Fair enough. Thanks.

Bruce

 

class c networks i can handle but subnetting class a and b networks makes me feel .... dumb
so... study study study... we *have to* know this stuff, right?! and relying on a subnet calculator isn't practical as you might not have it available when you need it.

good luck everyone!

md

 

Personally I find working in the 4th octet slightly more difficult.
in the 2nd and third octet you always have:
network address: a.x.0.0 or a.b.x.0
first host address: a.x.0.1 or a.b.x.1
last host address: a.y.255.254 or a.b.y.254
broadcast address: a.y.255.255 or a.b.y.255
where y=x+block size-1

You can see the pattern there. Not only is it slightly less complicated it also means it's easy to check if you've made a mistake.

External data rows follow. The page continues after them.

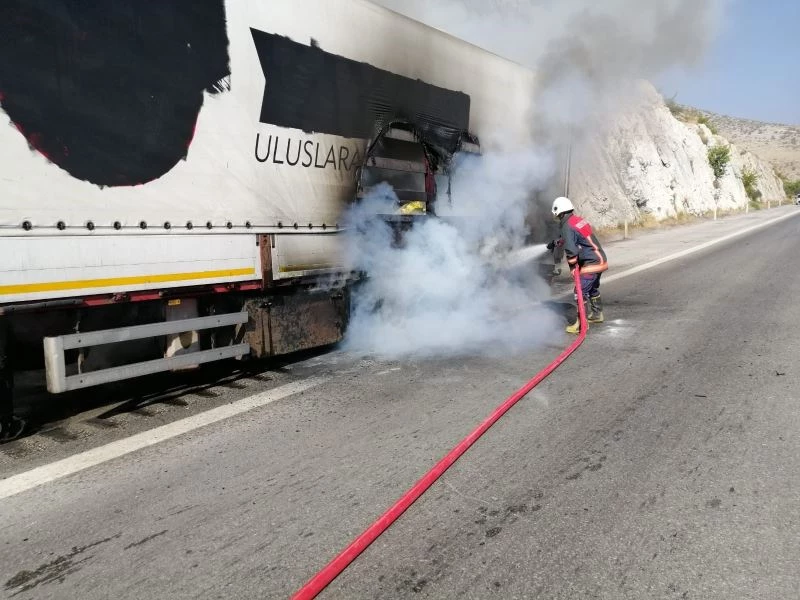 Sürücünün durumu fark ederek aracı güvenlik şeridine çektiği olay esnasında, alevler dorse kısmında bulunan kükürte sıçradı.
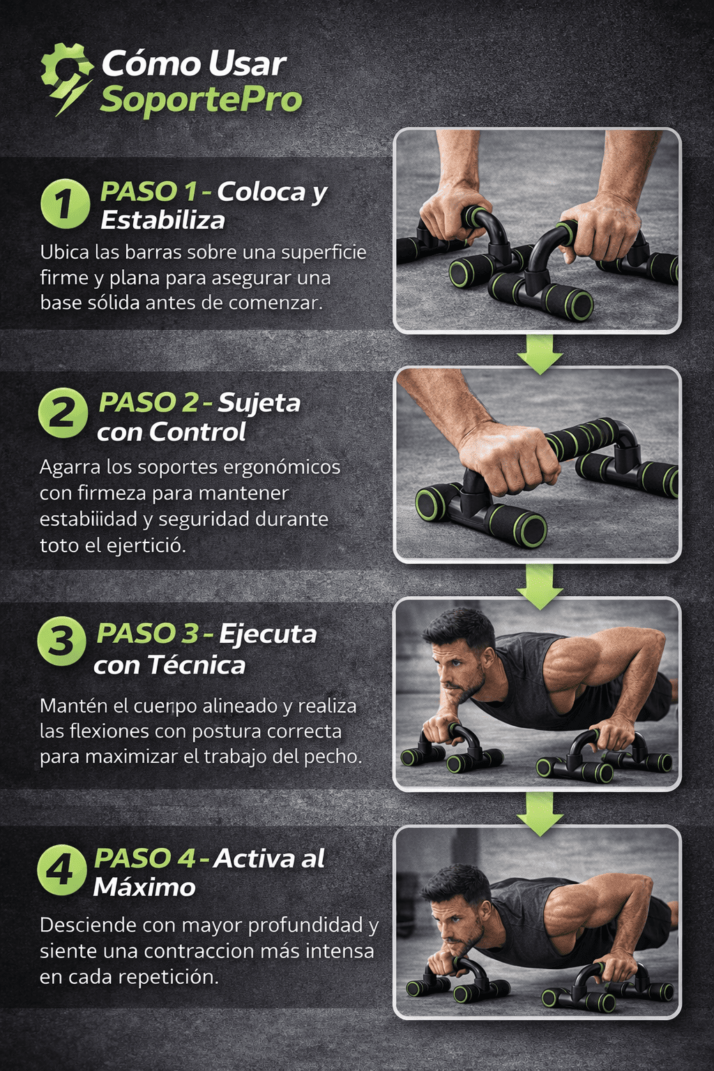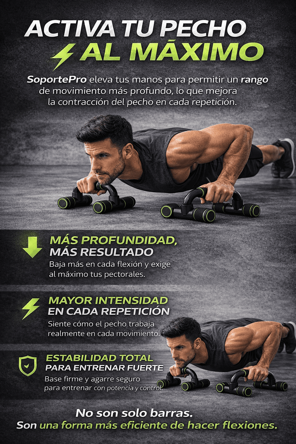 SoportePro eleva tus manos para permitir un rango de movimiento más profundo, lo que mejora la contracción del pecho en cada repetición.
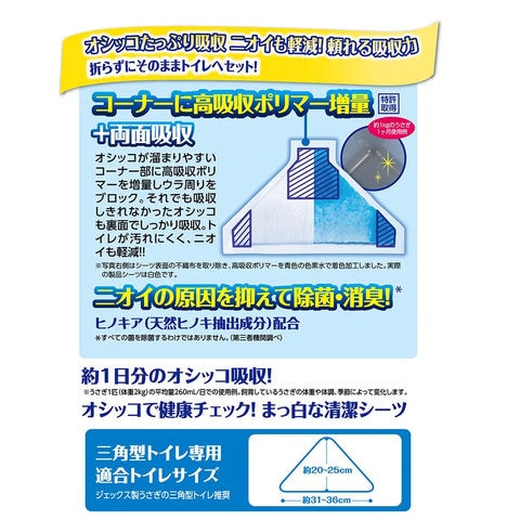 | 特長 | ●折らずに三角トイレにセットできるトイレシーツです。 ●オシッコがたまりやすいコーナー部に高吸収ポリマーを増量しウラ周りをブロックします。 ●吸収しきれなかったオシッコは裏面でしっかり吸収します。 |
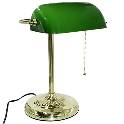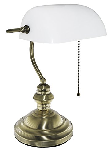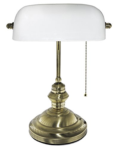 This beautiful Bankers' Desk Lamp is of traditional design and timeless style. It comes with a white glass shade with a brushed or polished gold finish for unparalleled elegance. It measures approximately 15"H by 9 1/2" W and the brass base is of 7" diameter.Not only can this beautiful Bankers' Desk Lamp serve as an elegant addition to any home or office, but it is also fully functional and works bulbs (Not Included) up to 40W. The on/off pull chain is located on the socket and the 6' power cord is sufficient for most environment. Elegant, Functional and of BEST value!Feature

It's all about the block size. If you know the block size the rest is easy.
calculating block size
If you're given the subnet mask, subtract the value in the significant octet (not 255 or 0) from 256, that's your block size.
If you're given it in CIDR notation, subtract the /x number from 32. This is the number of host bits. Subtract 8 until you have a number less than 8, that's the number of host bits in the significant octet.
Count up, multiplying by 2:
1=2
2=4
3=8
4=16
5=32
6=64
7=128
until you reach the number of host bits in the significant octet.

example:
subnet mask: 255.255.240.0 is the same as /20
block size by subnet mask:
256-240=16
block size 16
block size by CIDR
32-20=12
12>8 so subtract 8 (these 8s are the .0 octets in a subnet mask)
12-8=4
count up
1=2
2=4
3=8
4=16
block size 16

 

Have a click on the jpeg attachment, as mentioned, it's all about the increment size.

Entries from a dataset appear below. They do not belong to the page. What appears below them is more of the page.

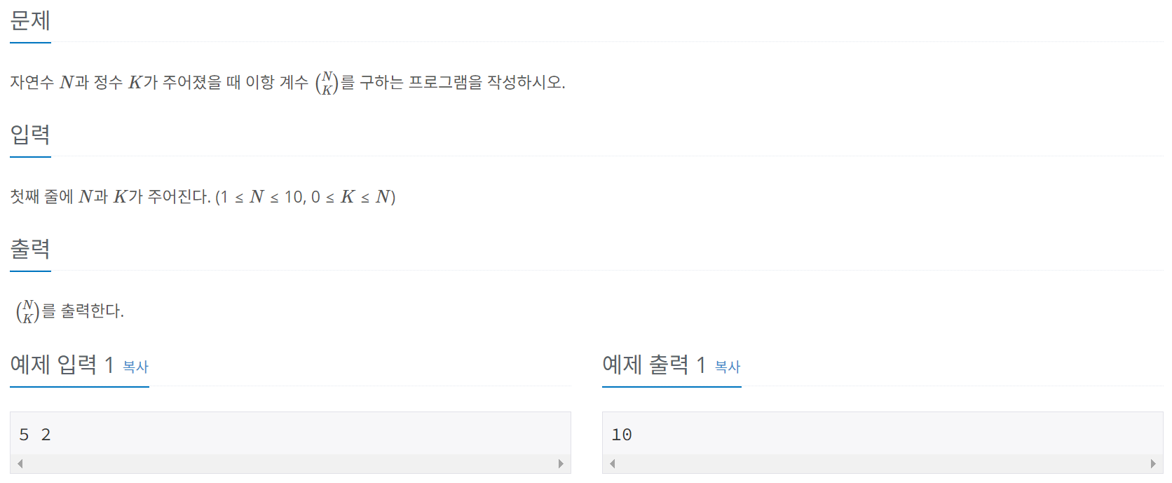 - 이항 계수를 구하여 출력한다. print(factorial(N) // (factorial(K) * factorial(N - K)))
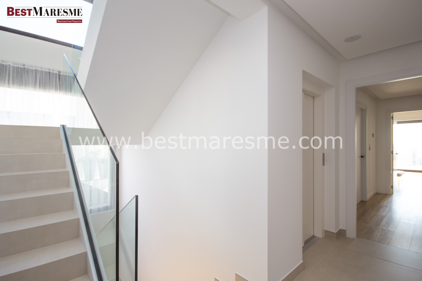 The elevator connects all floors, from the lower level to the highest part of the house, while the glass staircase, illuminated with elegant LED lighting, adds a distinctive architectural touch. The property has entrances from two different streets, guaranteeing convenience and privacy.
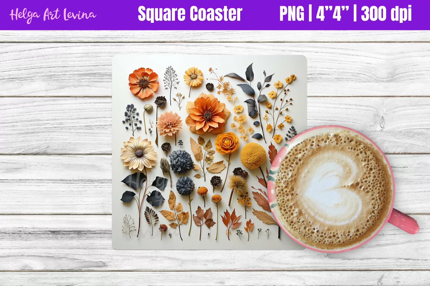 Similar Design Products to Square Coaster Sublimation | Herbarium Flowers PNG
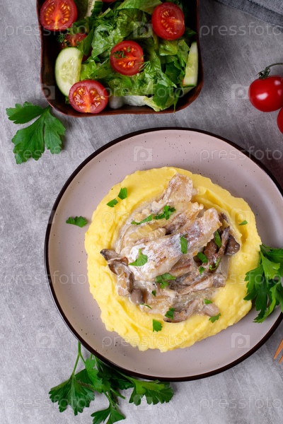 Бефстроганов с белой рыбой в сметанном соусе подается с картофельным пюре на сером столе. Вид сверху
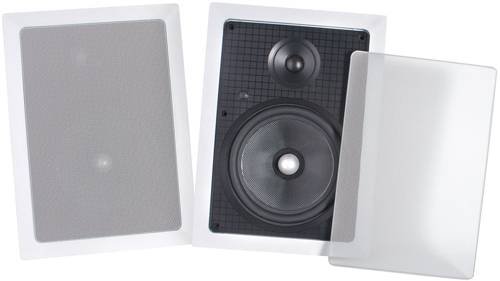 Dayton Ultra Series 8" two-way in-wall combines fidelity, reliability, and great value. A state of the art tough Kevlar cone gives the US820W the ability to reproduce more accurate bass than paper cone woofers, thanks to its stiff yet light composition; an integrated phase plug ensures reduced phase distortion. The ferrofluid-cooled 1" silk dome tweeter reproduces highs with amazing accuracy and pivots for improved stereo imaging. An IR knockout offers discreet integration of infrared control systems and accepts standard "tube" style IR receivers. The US820W packs a punch and will perform effortlessly in the front channel or rear surround applications of any home theater system. Replacement metal grill #302-438. Specifications: *Woofer: 8” Kevlar cone *Tweeter: 1” pivoting silk dome *Power handling: 60 watts RMS/120 watts max *Impedance: 8 ohms *Frequency response: 35-20,000 Hz *Sensitivity: 91 dB 1W/1m *Dimensions: 14-1/2" H x 10-1/2" W x 3-1/4" D *Cutout size: 13" H x 9" W *Mfg. #US820W *Sold in pairs.

The easiest way to work out your increment size though, is simply to find out which bit was reserved for network use last and look at its binary placement value. i.e if it's a /28, then keeping in mind we are going from left to right, the 28th bit has a placement value of 16 so increments of 16. Simples.

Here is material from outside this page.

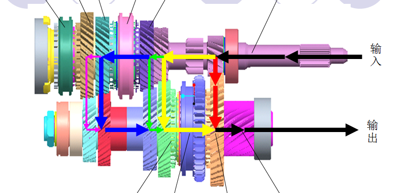 2軸式手動變速器中的一軸是動力輸入軸,和動力輸出的二軸平行,每個前進檔位均有一對齒輪嚙合進行動力傳動,相比于三軸變速器,二軸顯然是更緊湊,且結(jié)構(gòu)簡單,但是直接檔傳動效率沒有三軸的高。
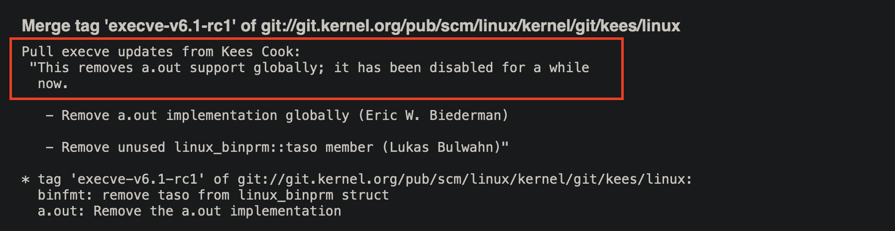 这次代码清理也实现此前承诺的在 2022 年从 Linux 内核中删除所有 a.out 相关内容的目标。

If you like using the powers of 2 method then:

If the mask is above a /24, e.g. 172.16.18.16 /29, then deduct your mask from 32 and use the powers of 2 against the result to get the increment.

e.g 32 - 29 = 3.
2^3 = increments of 8 in last octet.

If your mask is less than a /24, then deduct your mask from 24.
e.g. 10.10.0.0 /20

24 - 20=4
2^4= increments of 16 in third octet.

If your mask is less than a /16, then deduct from 16.
e.g. 4.0.0.0.0 /13
16-13 = 3
2^3= increments of 8 in second octet.